Problem to work on: Every line with the string "classic" in it belongs in your answer, so copy them all from the data.

=== Section Start ===

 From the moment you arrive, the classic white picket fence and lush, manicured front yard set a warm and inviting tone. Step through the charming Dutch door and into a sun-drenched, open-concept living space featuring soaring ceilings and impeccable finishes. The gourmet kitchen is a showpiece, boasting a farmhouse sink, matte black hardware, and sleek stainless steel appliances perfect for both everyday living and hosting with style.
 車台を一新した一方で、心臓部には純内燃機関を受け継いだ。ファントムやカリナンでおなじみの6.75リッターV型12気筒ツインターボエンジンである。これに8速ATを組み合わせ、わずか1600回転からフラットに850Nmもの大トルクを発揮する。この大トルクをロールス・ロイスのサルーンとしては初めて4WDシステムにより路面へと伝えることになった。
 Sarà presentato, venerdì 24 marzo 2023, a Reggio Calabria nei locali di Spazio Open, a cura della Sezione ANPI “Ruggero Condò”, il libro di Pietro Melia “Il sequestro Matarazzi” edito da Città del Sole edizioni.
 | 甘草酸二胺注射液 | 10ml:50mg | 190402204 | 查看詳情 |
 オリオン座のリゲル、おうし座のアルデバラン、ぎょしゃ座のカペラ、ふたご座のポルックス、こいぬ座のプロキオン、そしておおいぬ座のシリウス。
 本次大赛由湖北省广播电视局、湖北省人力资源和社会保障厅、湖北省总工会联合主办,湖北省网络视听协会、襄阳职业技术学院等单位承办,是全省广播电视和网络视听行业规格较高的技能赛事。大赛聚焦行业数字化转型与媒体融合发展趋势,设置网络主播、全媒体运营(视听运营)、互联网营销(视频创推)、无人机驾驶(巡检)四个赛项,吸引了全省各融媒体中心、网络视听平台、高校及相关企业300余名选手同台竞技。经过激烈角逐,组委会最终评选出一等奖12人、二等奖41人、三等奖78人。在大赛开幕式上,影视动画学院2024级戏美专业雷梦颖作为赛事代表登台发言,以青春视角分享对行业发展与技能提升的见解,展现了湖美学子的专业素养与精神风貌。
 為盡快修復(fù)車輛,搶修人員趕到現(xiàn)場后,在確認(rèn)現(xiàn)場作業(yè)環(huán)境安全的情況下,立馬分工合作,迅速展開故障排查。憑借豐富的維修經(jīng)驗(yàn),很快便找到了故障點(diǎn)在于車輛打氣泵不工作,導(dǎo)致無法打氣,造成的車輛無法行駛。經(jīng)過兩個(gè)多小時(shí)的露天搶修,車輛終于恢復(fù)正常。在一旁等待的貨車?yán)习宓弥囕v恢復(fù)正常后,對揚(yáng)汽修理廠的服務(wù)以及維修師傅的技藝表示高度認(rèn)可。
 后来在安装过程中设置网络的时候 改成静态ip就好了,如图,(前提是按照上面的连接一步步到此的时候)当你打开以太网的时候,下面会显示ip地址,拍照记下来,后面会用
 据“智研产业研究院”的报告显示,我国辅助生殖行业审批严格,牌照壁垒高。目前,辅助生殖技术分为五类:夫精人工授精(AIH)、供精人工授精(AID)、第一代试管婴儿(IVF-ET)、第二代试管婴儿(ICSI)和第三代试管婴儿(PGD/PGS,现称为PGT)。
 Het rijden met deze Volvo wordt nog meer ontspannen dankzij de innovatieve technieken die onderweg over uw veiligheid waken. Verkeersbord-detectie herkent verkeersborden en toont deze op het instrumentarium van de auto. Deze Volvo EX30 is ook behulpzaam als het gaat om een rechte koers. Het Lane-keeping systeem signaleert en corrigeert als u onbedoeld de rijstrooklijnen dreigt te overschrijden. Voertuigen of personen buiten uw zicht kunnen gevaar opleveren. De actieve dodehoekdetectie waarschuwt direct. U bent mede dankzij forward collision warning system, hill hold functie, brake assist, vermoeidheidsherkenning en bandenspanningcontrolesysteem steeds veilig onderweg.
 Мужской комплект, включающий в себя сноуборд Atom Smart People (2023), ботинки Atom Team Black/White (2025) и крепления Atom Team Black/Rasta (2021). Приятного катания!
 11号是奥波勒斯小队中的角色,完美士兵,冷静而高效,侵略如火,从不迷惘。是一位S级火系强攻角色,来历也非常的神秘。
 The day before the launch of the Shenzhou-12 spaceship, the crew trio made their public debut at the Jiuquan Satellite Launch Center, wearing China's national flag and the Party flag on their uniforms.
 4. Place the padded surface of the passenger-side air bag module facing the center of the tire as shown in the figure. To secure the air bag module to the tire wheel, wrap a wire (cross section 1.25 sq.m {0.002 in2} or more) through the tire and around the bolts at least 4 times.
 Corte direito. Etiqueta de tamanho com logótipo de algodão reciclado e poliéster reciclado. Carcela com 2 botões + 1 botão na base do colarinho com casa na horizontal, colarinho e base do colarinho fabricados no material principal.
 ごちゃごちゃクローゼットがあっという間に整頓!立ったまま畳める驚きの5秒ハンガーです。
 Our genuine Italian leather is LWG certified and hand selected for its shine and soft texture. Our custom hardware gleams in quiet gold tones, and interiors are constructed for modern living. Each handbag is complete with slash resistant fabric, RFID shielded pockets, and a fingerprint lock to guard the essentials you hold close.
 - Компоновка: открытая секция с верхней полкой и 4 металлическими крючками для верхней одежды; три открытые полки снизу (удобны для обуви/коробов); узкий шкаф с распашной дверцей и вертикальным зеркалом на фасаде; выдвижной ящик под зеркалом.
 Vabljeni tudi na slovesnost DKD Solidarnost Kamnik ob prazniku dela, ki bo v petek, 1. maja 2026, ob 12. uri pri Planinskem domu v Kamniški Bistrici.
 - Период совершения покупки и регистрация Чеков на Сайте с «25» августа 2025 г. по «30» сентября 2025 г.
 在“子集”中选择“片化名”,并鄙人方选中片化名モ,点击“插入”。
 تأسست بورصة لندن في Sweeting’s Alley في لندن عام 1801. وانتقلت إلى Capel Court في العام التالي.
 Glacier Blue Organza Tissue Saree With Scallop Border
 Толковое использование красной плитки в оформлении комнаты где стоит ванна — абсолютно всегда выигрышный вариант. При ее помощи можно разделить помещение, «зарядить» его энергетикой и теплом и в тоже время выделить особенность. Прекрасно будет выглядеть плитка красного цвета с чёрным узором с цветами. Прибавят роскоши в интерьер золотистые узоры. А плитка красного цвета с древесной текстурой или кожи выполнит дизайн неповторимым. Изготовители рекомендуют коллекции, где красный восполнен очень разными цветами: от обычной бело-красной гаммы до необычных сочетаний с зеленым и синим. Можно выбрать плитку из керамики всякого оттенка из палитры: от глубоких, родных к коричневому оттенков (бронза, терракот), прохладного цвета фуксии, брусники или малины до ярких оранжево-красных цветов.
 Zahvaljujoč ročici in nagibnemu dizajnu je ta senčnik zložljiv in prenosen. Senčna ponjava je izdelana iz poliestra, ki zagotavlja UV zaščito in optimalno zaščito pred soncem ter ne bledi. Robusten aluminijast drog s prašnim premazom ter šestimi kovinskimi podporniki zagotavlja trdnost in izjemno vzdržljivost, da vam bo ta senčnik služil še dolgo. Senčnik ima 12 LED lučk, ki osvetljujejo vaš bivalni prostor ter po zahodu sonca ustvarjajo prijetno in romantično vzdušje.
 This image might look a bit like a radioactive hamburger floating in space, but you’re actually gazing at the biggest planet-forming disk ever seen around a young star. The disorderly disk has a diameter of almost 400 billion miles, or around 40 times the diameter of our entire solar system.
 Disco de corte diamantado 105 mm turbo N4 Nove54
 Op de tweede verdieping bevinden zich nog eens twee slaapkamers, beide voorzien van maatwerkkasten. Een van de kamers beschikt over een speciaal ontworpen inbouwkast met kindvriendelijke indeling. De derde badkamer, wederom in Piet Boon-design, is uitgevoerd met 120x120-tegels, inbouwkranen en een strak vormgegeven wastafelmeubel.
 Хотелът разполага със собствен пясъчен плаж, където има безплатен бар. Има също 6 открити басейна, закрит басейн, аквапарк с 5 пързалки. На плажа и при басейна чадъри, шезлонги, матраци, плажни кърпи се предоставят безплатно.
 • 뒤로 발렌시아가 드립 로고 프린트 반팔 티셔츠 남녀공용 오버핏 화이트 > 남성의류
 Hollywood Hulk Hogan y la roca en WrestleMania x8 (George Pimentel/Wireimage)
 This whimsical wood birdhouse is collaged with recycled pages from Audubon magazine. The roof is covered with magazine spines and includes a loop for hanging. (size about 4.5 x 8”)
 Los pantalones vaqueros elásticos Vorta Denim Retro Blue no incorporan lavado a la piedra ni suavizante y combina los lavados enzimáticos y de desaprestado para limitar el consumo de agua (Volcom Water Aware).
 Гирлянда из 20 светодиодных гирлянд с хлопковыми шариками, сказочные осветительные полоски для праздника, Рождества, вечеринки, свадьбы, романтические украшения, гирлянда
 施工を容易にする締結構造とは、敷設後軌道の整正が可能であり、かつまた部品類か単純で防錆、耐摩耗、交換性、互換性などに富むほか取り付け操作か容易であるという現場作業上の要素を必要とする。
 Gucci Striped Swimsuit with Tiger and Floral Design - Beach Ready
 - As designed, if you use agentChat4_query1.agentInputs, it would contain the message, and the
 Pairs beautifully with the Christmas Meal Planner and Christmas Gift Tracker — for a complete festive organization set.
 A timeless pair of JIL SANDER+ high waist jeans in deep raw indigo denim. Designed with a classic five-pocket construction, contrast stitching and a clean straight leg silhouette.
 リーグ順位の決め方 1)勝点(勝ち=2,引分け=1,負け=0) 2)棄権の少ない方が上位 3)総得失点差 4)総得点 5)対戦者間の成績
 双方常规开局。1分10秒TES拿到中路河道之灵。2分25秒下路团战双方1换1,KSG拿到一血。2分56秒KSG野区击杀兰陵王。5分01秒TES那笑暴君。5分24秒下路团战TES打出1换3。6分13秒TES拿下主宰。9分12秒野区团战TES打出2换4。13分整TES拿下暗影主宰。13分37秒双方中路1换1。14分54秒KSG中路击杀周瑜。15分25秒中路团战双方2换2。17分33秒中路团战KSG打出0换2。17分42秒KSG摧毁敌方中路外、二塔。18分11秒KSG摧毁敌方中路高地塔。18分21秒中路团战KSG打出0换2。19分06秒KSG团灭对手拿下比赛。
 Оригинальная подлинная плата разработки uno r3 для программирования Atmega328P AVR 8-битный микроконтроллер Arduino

=== Section End ===

Answer space:
 From the moment you arrive, the classic white picket fence and lush, manicured front yard set a warm and inviting tone. Step through the charming Dutch door and into a sun-drenched, open-concept living space featuring soaring ceilings and impeccable finishes. The gourmet kitchen is a showpiece, boasting a farmhouse sink, matte black hardware, and sleek stainless steel appliances perfect for both everyday living and hosting with style.
 A timeless pair of JIL SANDER+ high waist jeans in deep raw indigo denim. Designed with a classic five-pocket construction, contrast stitching and a clean straight leg silhouette.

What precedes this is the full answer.